[Dataset excerpts]
--- START ---

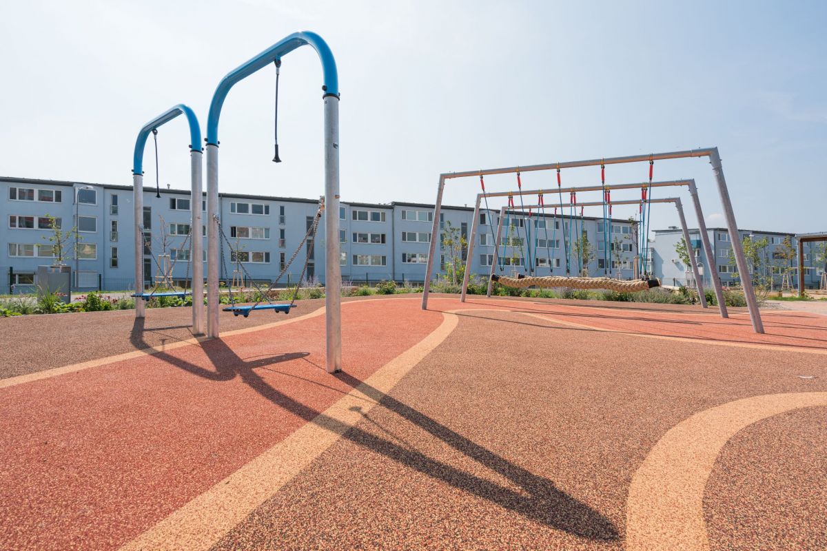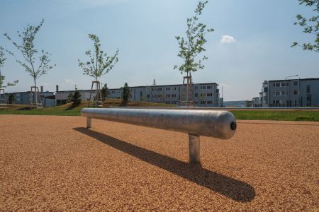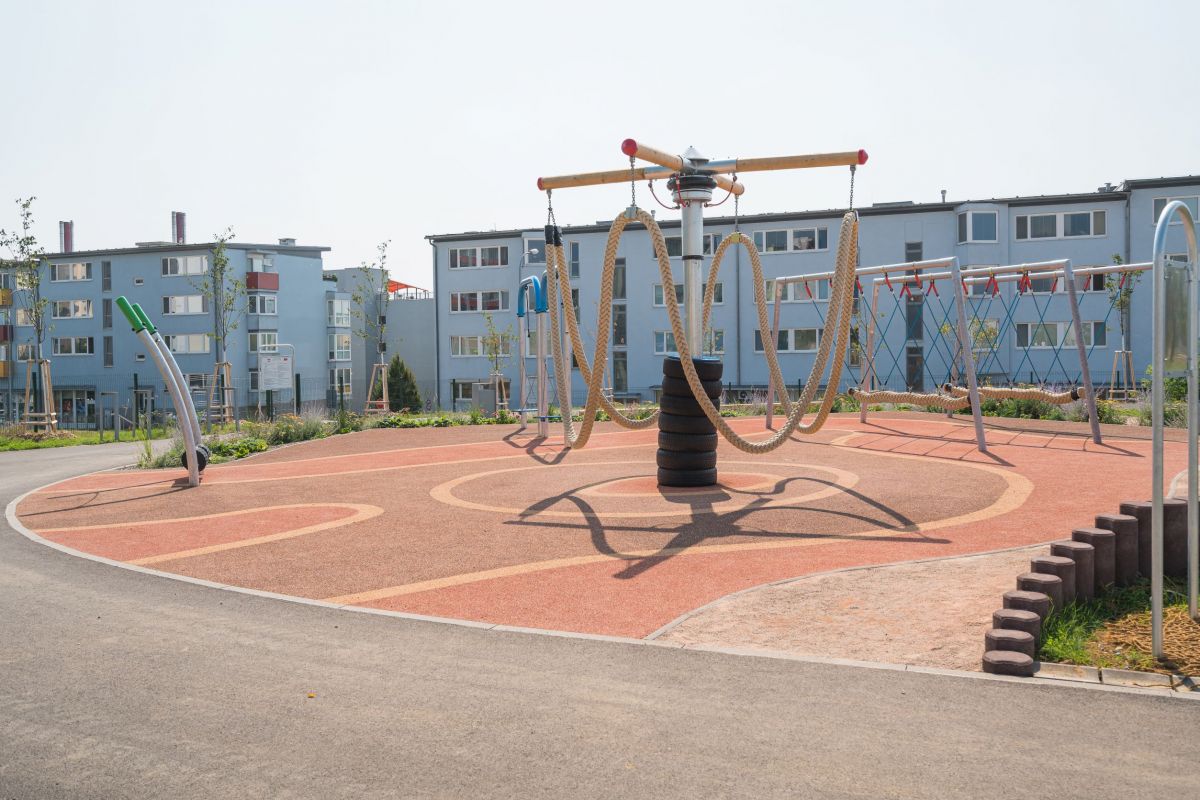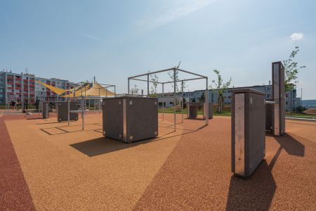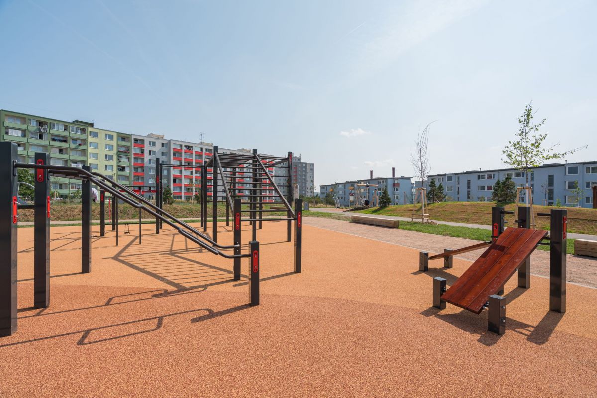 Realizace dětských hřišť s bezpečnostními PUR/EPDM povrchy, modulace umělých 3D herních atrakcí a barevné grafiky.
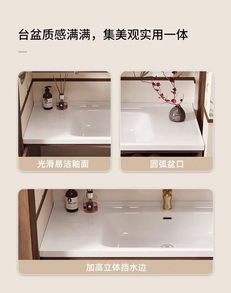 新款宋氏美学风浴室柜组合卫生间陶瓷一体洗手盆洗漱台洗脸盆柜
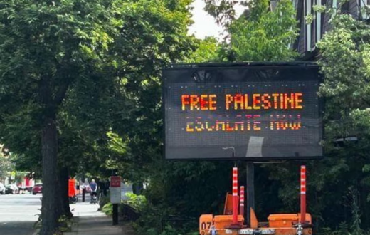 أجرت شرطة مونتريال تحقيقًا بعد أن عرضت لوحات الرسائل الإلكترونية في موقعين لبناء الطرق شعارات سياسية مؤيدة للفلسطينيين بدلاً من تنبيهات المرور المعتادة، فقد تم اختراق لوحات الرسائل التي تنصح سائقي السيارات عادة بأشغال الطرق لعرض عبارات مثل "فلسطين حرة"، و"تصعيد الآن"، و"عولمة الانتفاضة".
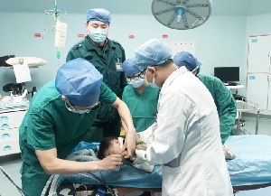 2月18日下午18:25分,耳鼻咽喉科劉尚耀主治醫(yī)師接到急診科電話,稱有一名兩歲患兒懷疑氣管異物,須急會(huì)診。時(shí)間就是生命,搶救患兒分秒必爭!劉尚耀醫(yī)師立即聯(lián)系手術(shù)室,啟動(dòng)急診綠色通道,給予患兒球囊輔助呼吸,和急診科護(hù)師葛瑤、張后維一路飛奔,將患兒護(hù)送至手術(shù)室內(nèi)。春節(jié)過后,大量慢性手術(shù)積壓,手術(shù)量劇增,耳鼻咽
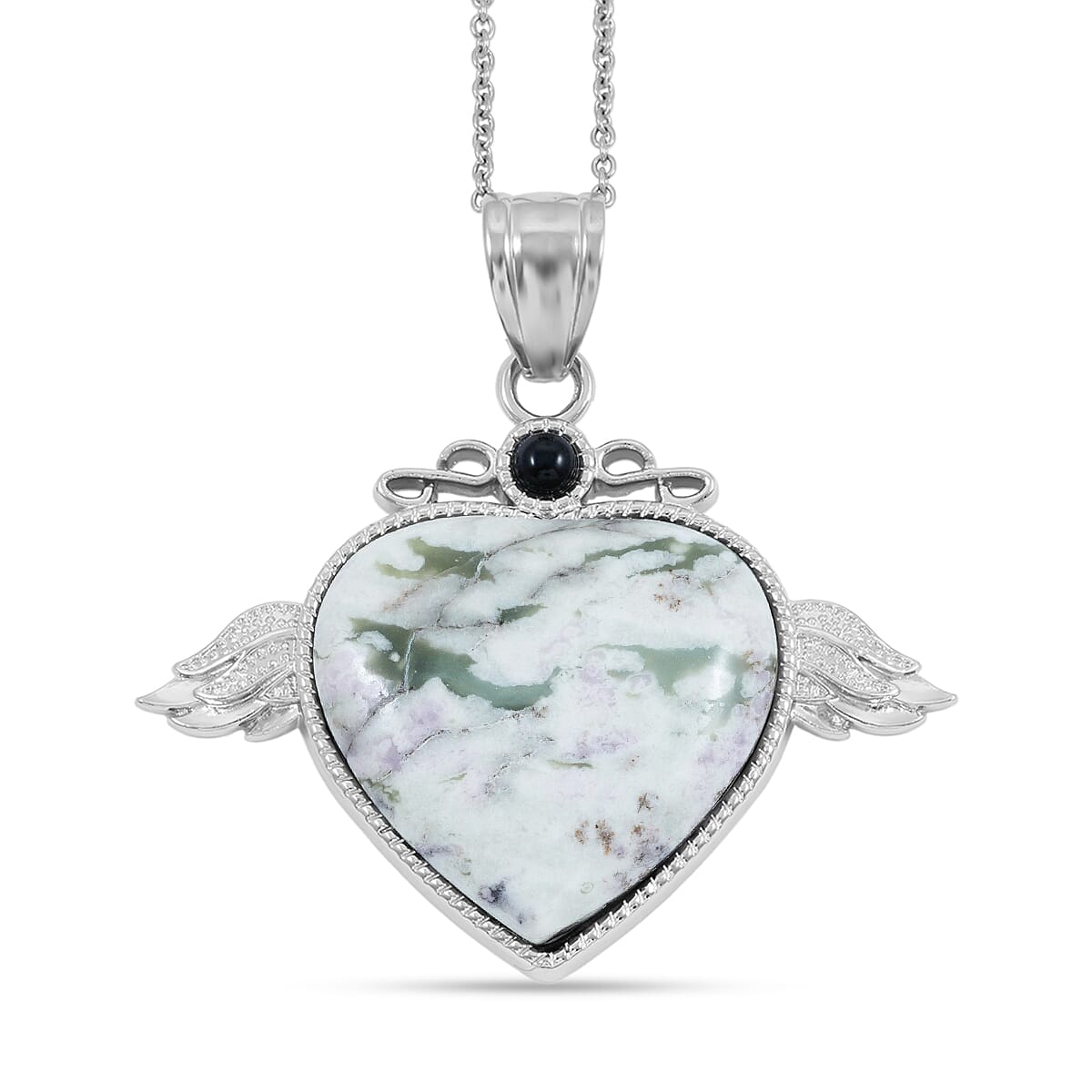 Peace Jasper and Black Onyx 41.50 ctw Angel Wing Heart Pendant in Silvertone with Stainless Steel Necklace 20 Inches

--- END ---

[Exercise requirements] The lines to be quoted run from the line containing "أجرت شرطة مونتريال" through the end of the entries above, both included; quote them exactly and leave out any pictures.

[Your solution]
 أجرت شرطة مونتريال تحقيقًا بعد أن عرضت لوحات الرسائل الإلكترونية في موقعين لبناء الطرق شعارات سياسية مؤيدة للفلسطينيين بدلاً من تنبيهات المرور المعتادة، فقد تم اختراق لوحات الرسائل التي تنصح سائقي السيارات عادة بأشغال الطرق لعرض عبارات مثل "فلسطين حرة"، و"تصعيد الآن"، و"عولمة الانتفاضة".
 2月18日下午18:25分,耳鼻咽喉科劉尚耀主治醫(yī)師接到急診科電話,稱有一名兩歲患兒懷疑氣管異物,須急會(huì)診。時(shí)間就是生命,搶救患兒分秒必爭!劉尚耀醫(yī)師立即聯(lián)系手術(shù)室,啟動(dòng)急診綠色通道,給予患兒球囊輔助呼吸,和急診科護(hù)師葛瑤、張后維一路飛奔,將患兒護(hù)送至手術(shù)室內(nèi)。春節(jié)過后,大量慢性手術(shù)積壓,手術(shù)量劇增,耳鼻咽
 Peace Jasper and Black Onyx 41.50 ctw Angel Wing Heart Pendant in Silvertone with Stainless Steel Necklace 20 Inches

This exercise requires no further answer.